Пушкин в Михайловском
Шрифт:
— Прасковья… Прасковья Александровна… — И он ничего не мог более выговорить, лист выпал из рук.
Прасковья Александровна тотчас подбежала, а через минуту рыдала уже, упав на диван: Сергей Иванович Муравьев-Апостол, за здоровье которого пили еще так недавно, в числе пятерых был повешен. Она откинулась на спинку дивана, прижав руки к глазам, но слезы сочились и между пальцами. Пушкин не видел ее и ничего не видел вокруг. Он большими шагами ходил от угла к углу, как зверь, которого захлопнули в клетке.
Так наступила и эта развязка, томившая ожиданием несколько месяцев. И какая развязка! Рылеев, Пестель, Муравьев-Апостол, Каховский, Бестужев-Рюмин: всех пятерых он знавал! А Пущин? — Смертная казнь и — по смягченью — Сибирь! Кюхельбекер? — Сибирь! И сколько
Первый его пароксизм быстро прошел. Но все ж он собою плохо владел. Он не ждал приговора такого сурового: пятеро были повешены, но скольких схватили за горло, да и только ли этих, не всех ли, кто мыслил и говорил — по своему разумению — на благо страны?
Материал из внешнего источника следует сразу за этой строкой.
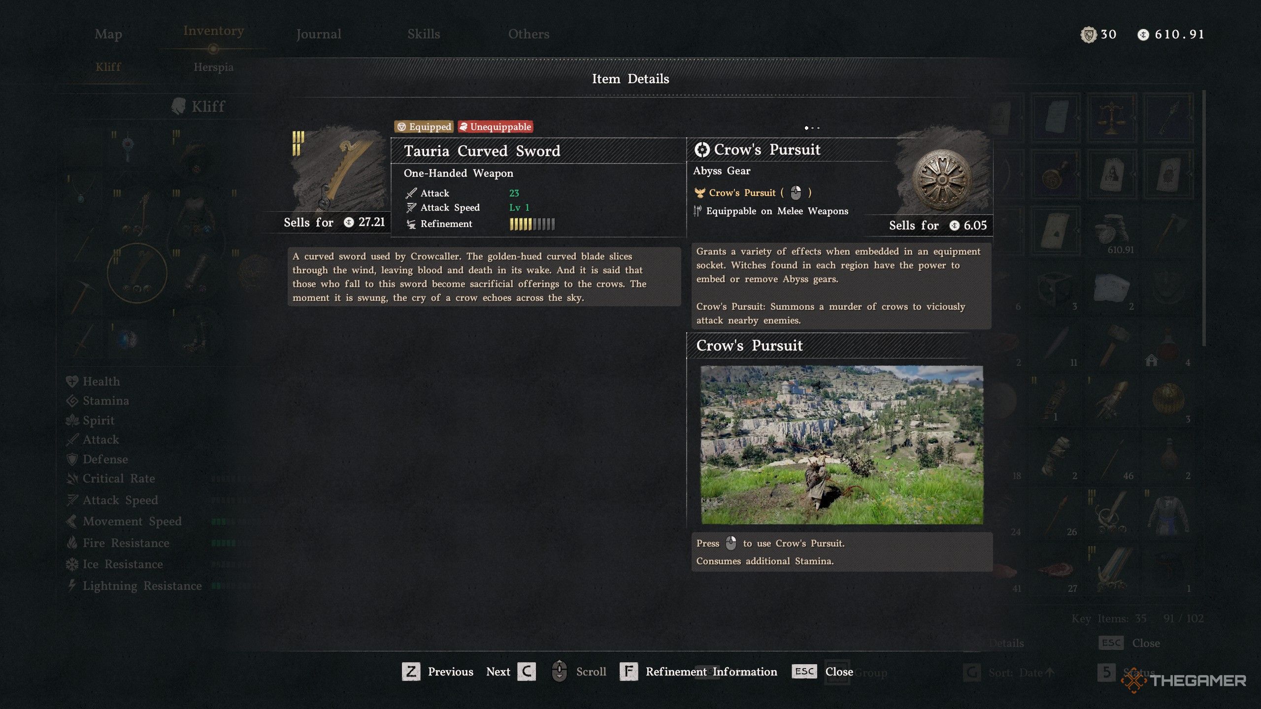Меч Таурия быстрый и имеет слот для Снаряжения Бездны, а также специальную способность под названием Погоня Ворона. При выполнении сильной атаки он выпускает рой воронов, которые атакуют находящихся поблизости врагов. Это делает его отличным для сражений с группами, так как вороны могут отвлекать и наносить урон другим противникам, пока вы сосредотачиваетесь на своей основной цели. Однако это не лучший выбор для битв с боссами, поэтому я предлагаю использовать такое оружие, как Darkbringer для этих столкновений.

Какая-то новая мысль его обожгла. И быстрым движением он переплел и заломил горячие пальцы: а сам он… сам — отослал… — прошение — императору!
Глава двадцатая «Пророк»
На другом конце России на следующий день, 25-го числа, в том самом Аккермане, где некогда Пушкин беседовал ночью с тенью Овидия, граф Воронцов сидел в своем кабинете и изволил писать Лонгинову:
«Отъезд мой сюда помешал мне отвечать, любезнейший Николай Михайлович, на письмо ваше от 13 числа, коим уведомляете меня о совершившейся казни над преступниками. Нельзя было меньше сделать, и, конечно, те пять из оных, кои жизнию заплатили за ужасные свои намерения и опасность, которой подвергали всю Империю, более всех сего заслуживают. Во всякой другой земле более пяти были бы казнимы смертью. У нас, по странному предрассудку, смертная казнь, формально объявленная, всех пугает и кажется жестокою, тогда, когда беспрестанно на деле секут до смерти кнутом и гонят, также до смерти, сквозь строй; и никто об этом не говорит: умереть же таким образом в тысячу раз хуже, нежели быть повешенным. Впрочем, предрассудок сей в сем случае делает пользу; казнь пяти злодеев, не только совершенно заслуженная, но, можно сказать, не в пропорции с их преступлениями, имеет большое действие на умы, и тем самым цели суда совершенно достигаются!»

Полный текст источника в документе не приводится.